▸ **TASK MATERIAL**:
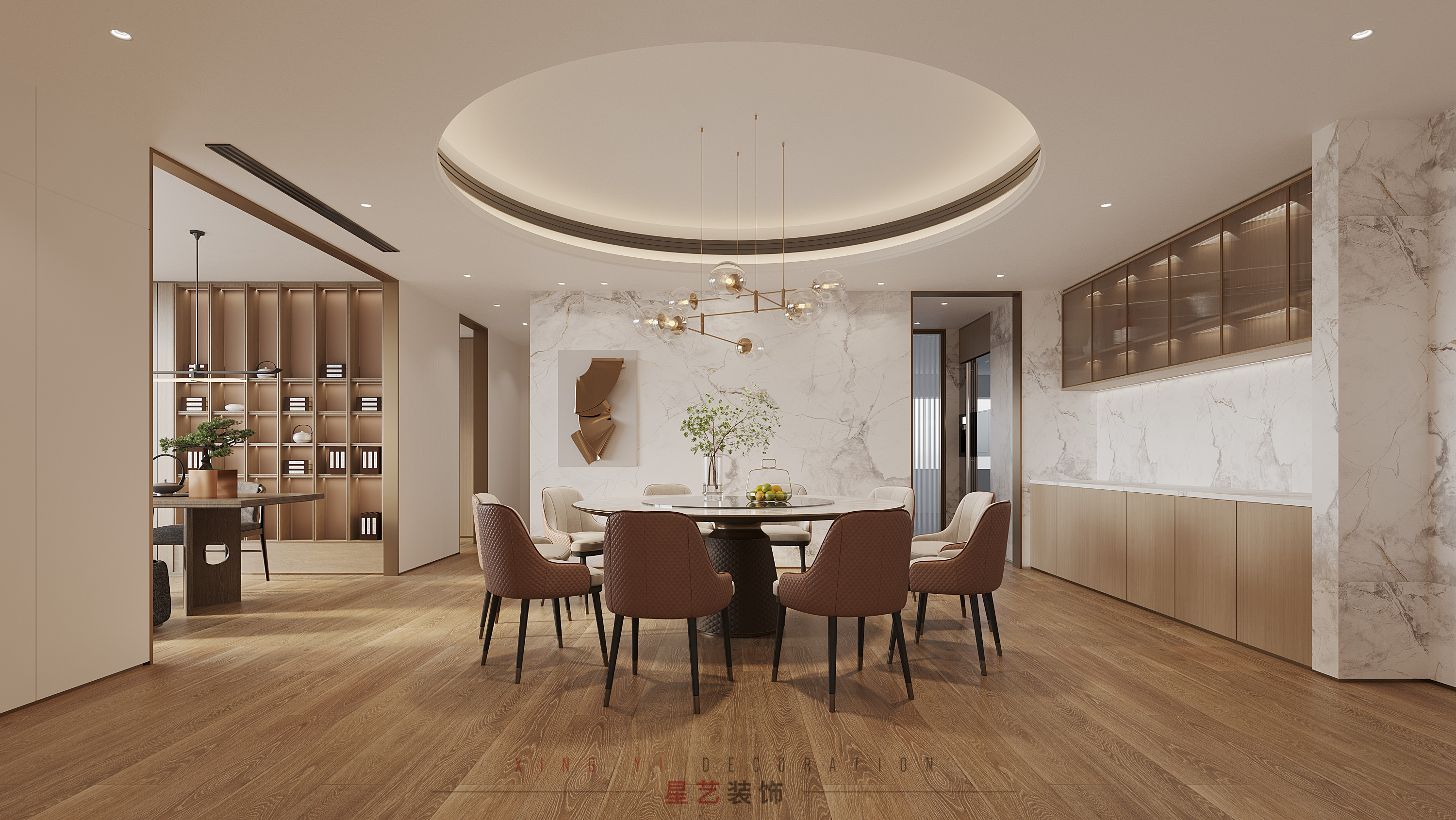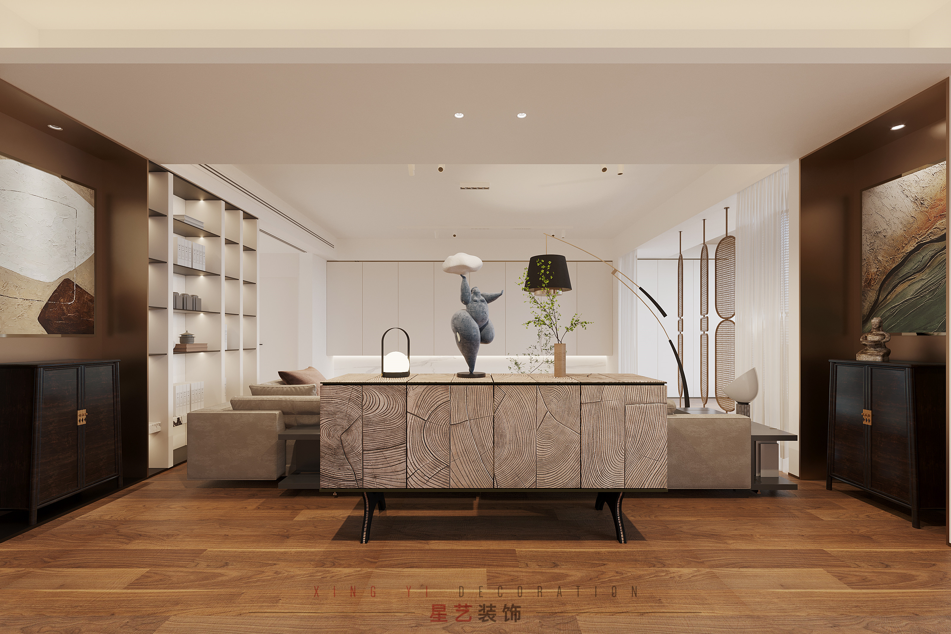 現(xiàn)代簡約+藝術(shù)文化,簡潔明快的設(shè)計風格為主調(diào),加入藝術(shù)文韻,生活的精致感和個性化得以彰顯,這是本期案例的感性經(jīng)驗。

==

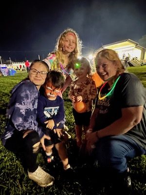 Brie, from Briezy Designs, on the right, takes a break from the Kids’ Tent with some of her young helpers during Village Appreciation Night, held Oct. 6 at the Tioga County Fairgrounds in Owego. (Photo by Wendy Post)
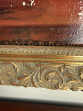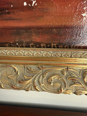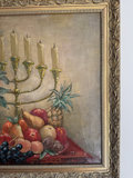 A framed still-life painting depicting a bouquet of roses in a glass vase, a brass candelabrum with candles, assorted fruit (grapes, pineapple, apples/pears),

▸ **ASSIGNMENT**: Please repeat, exactly as written, the lines in the records above, starting with the one that has "Brie, from Briezy" and going on through the one that has "A framed still-life". Pictures are to be left out.

▸ **RESULT**:
 Brie, from Briezy Designs, on the right, takes a break from the Kids’ Tent with some of her young helpers during Village Appreciation Night, held Oct. 6 at the Tioga County Fairgrounds in Owego. (Photo by Wendy Post)
 A framed still-life painting depicting a bouquet of roses in a glass vase, a brass candelabrum with candles, assorted fruit (grapes, pineapple, apples/pears),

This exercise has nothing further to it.